Duplicate Issue

Im not exactly sure how, but I’ve ended up with duplicates.

In the current table, you’ll see that I used chapt_id as the PK. This allowed for duplicate chapters in some movies.

CREATE TABLE IF NOT EXISTS `chapters` (
  `chapt_id` bigint(20) unsigned NOT NULL AUTO_INCREMENT,
  `mov_id` bigint(20) unsigned NOT NULL DEFAULT '0',
  `chapter_num` varchar(3) COLLATE utf8_unicode_ci NOT NULL DEFAULT '',
  `chapter_title` varchar(255) COLLATE utf8_unicode_ci NOT NULL DEFAULT '',
  PRIMARY KEY (`chapt_id`),
  KEY `mov_id` (`mov_id`)
) ENGINE=MyISAM  DEFAULT CHARSET=utf8 COLLATE=utf8_unicode_ci ;

You can see here, if I export from the chapters table

INSERT INTO `chapters` VALUES
(1996, 65, '1', 'Main Titles'),
(1997, 65, '2', 'The Prisoners Arrive'),
(1998, 65, '3', 'Escape Attempt 1'),
(1999, 65, '4', 'The Blind Spot'),
(2000, 65, '5', 'To the Cooler'),
(2001, 65, '6', 'Bartlett''s Arrival'),
(2002, 65, '7', 'The Objective'),
(2003, 65, '8', 'The Escape Committee'),
(2004, 65, '9', 'Forger & Scrounger'),
(2005, 65, '10', 'Stealing Steel'),
(322864, 65, '1', 'Main Titles'),
(322865, 65, '2', 'The Prisoners Arrive'),
(322866, 65, '3', 'Escape Attempt 1'),
(322867, 65, '4', 'The Blind Spot'),
(322868, 65, '5', 'To the Cooler'),
(322869, 65, '6', 'Bartlett''s Arrival'),
(322870, 65, '7', 'The Objective'),
(322871, 65, '8', 'The Escape Committee'),
(322872, 65, '9', 'Forger & Scrounger'),
(322873, 65, '10', 'Stealing Steel');

I’m trying to take the data from the current “chapters” table and INSERT it into the new “movies_chapters” table. Obviously, looking at the PKs below you can see that I’m running into duplicate errors.

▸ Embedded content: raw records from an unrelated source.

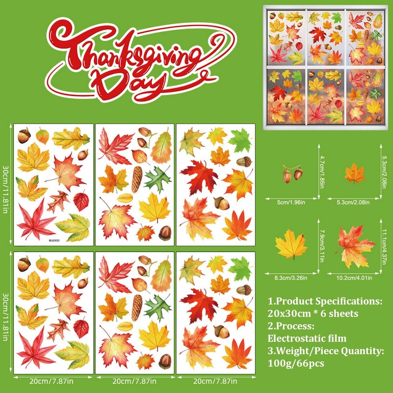 - Diverse Designs: This set of window stickers is designed with Thanksgiving as the theme, including various interesting and realistic maple leaf patterns. I think you will definitely like it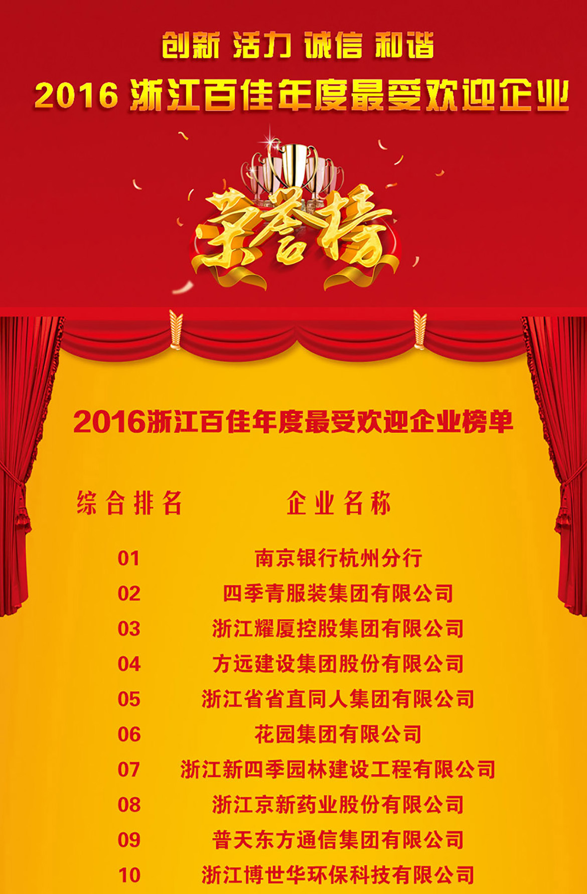 為推動(dòng)浙江省企業(yè)的誠(chéng)信和諧經(jīng)營(yíng),增添企業(yè)的創(chuàng)新發(fā)展活力和動(dòng)力,由浙江經(jīng)濟(jì)網(wǎng)、新華網(wǎng)浙江頻道主辦,由中共浙江省委政法委員會(huì)、浙江省人大內(nèi)務(wù)司法委員會(huì)、浙江省人民檢察院、浙江省科學(xué)技術(shù)廳、浙江省公安廳、浙江省環(huán)境保護(hù)廳、浙江省住房和城鄉(xiāng)建設(shè)廳、浙江省國(guó)家稅務(wù)局、浙江省政協(xié)經(jīng)濟(jì)委員會(huì)、浙江省總工會(huì)、新華網(wǎng)等單位指導(dǎo),于2016年12月聯(lián)合舉辦的“2016浙江百佳年度最受歡迎企業(yè)” 榮譽(yù)榜推選活動(dòng)日前揭曉,我公司在眾多參評(píng)企業(yè)中脫穎而出,取得了第十名的佳績(jī)。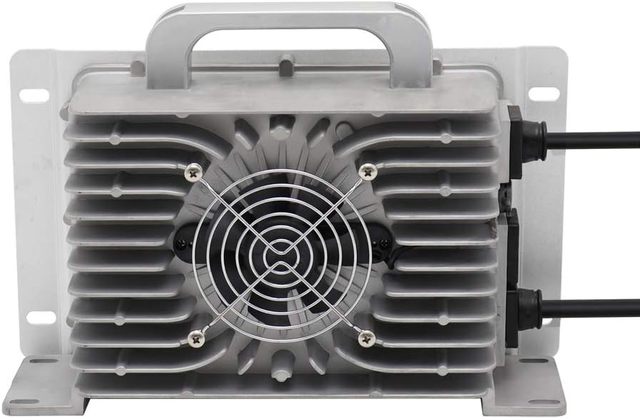- [LIGHTWEIGHT DESIGN & CONVENIENT CARRY HANDLE] - Designed with convenience in mind, the waterproof charger weighs in at only 9 lbs and is more than 50% lighter than most OEM and aftermarket golf cart battery chargers. It is constructed with a durable die-cast aluminum alloy casing providing exceptional durability.
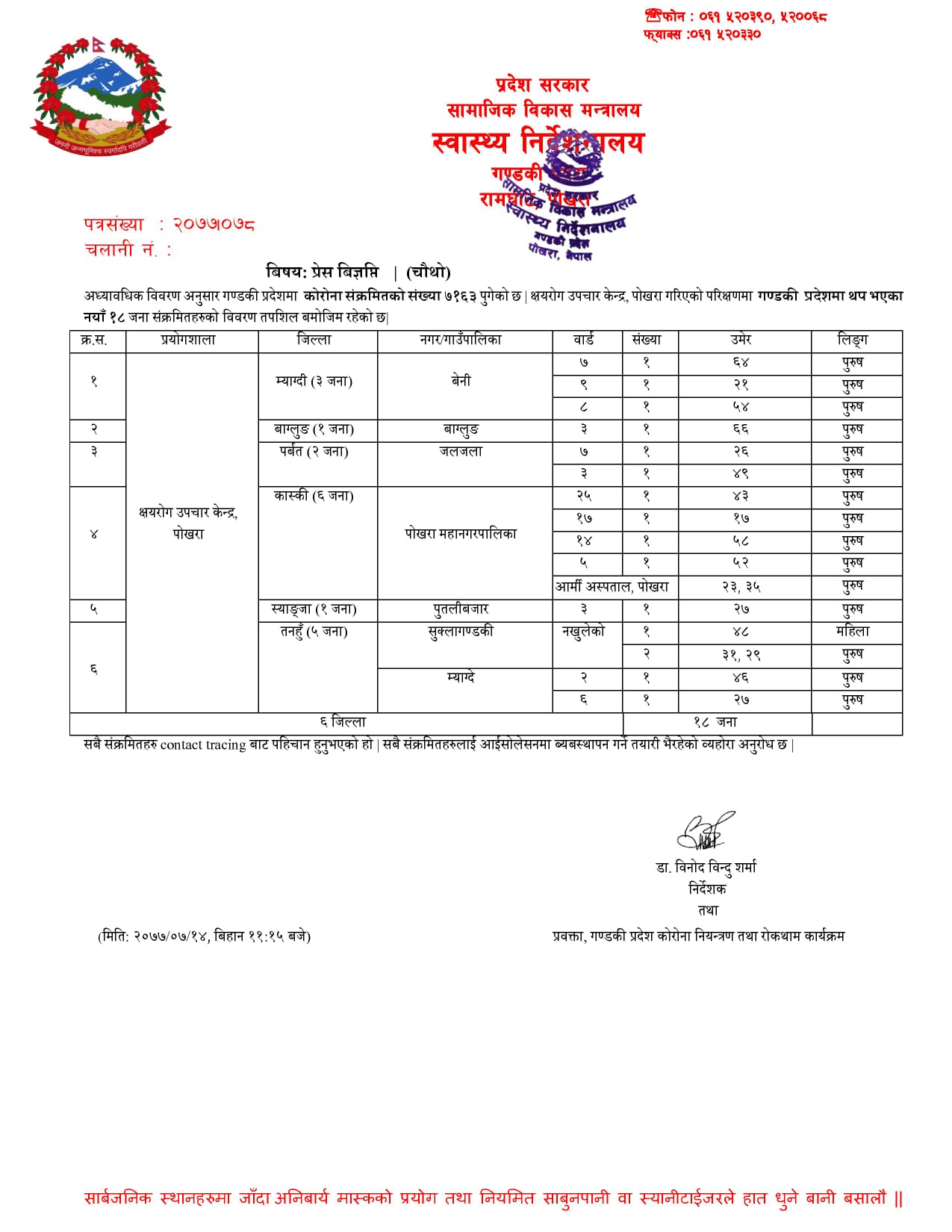सबै संक्रमितहरु कन्ट्याक्ट टेसिंङबाट पहिचान हुनुभएको हो । सबै संक्रमितहरुलाई आईसोलेसनमा ब्यबस्थापन गर्ने तयारी भैरहेको स्वास्थ्य निर्देशनालय गण्डकीले जनाएको छ ।

CREATE TABLE IF NOT EXISTS `movies_chapters` (
  `mc_mov_id` int(10) unsigned NOT NULL DEFAULT '0',
  `mc_lang` char(2) CHARACTER SET latin1 NOT NULL,
  `mc_chapter_num` varchar(3) CHARACTER SET latin1 NOT NULL,
  `mc_chapter_title` varchar(255) COLLATE utf8_unicode_ci NOT NULL,
  PRIMARY KEY (`mc_mov_id`,`mc_chapter_num`)
) ENGINE=MyISAM DEFAULT CHARSET=utf8 COLLATE=utf8_unicode_ci;

I’ll be using the mov_id and the chapter_num as the new PK, so I’m not worried about keeping the chapt_id anymore. What’s the best way to handle this? Delete the duplicates from the chapters table? If so, how?

Thanks!

Do any other tables in the database use the PK from the chapters table is their FK?

Nope.

see if you can spot the difference in these two solutions –

INSERT 
  INTO movies_chapters
     ( mc_mov_id
     , mc_lang
     , mc_chapter_num
     , mc_chapter_title )
SELECT DISTINCT
       mov_id
     , 'en'
     , chapter_num
     , chapter_title  
  FROM chapters
INSERT IGNORE
  INTO movies_chapters
     ( mc_mov_id
     , mc_lang
     , mc_chapter_num
     , mc_chapter_title )
SELECT mov_id
     , 'en'
     , chapter_num
     , chapter_title  
  FROM chapters

The syntax is different, but I’m going to say those do the same thing. Does INSERT INGORE use less system resources?

no, INSERT IGNORE attempts to insert all rows, ignoring dupes, whereas the INSERT which has SELECT DISTINCT inserts only the uniques

system resources is of minor concern here, since you are presumably doing this only once

@Rudy, for the benefit of anyone who comes across this thread what performance difference, if any is there between the two solutions?

i would guess that the one with DISTINCT might be slower, because it has to sort the entire table on all columns first, whereas the IGNORE only has to do an index lookup on each row

who do you suppose has some sample data in the requisite two table layouts and might be available to test it for us?

I tried doing both and received this error performing the DUPLICATE query: #2006 - MySQL server has gone away. The chapters table has over 600,000 rows.

Rudy, I understand that the actions are different, but isn’t the outcome still the same? Which method do you recommend?

i would not agonize over which method to use

if one of them failed on me, i’d use the other one in a flash

Excellent, so they DO produce the same result.

I’m working on this on my local Mac, not a web server. It’s a Mac Pro 8 Core with 6 GB RAM. My query results are

Using INSERT IGNORE
Inserted rows: 579653 (Query took 47.4497 sec)

Using DUPLICATE
#2006 - MySQL server has gone away.

I tried this three times and got the same result. Use INSERT IGNORE. :slight_smile:

Thanks Rudy!

Not necessarily. You might have multiple records with the same mov_id and chapter_num, but have different titles. Distinct sees those as distinct rows. An error would be thrown when you try to insert them because your new table only has a unique constraint on mov_id and chapter_num.

This probably isn’t the case in your dataset though.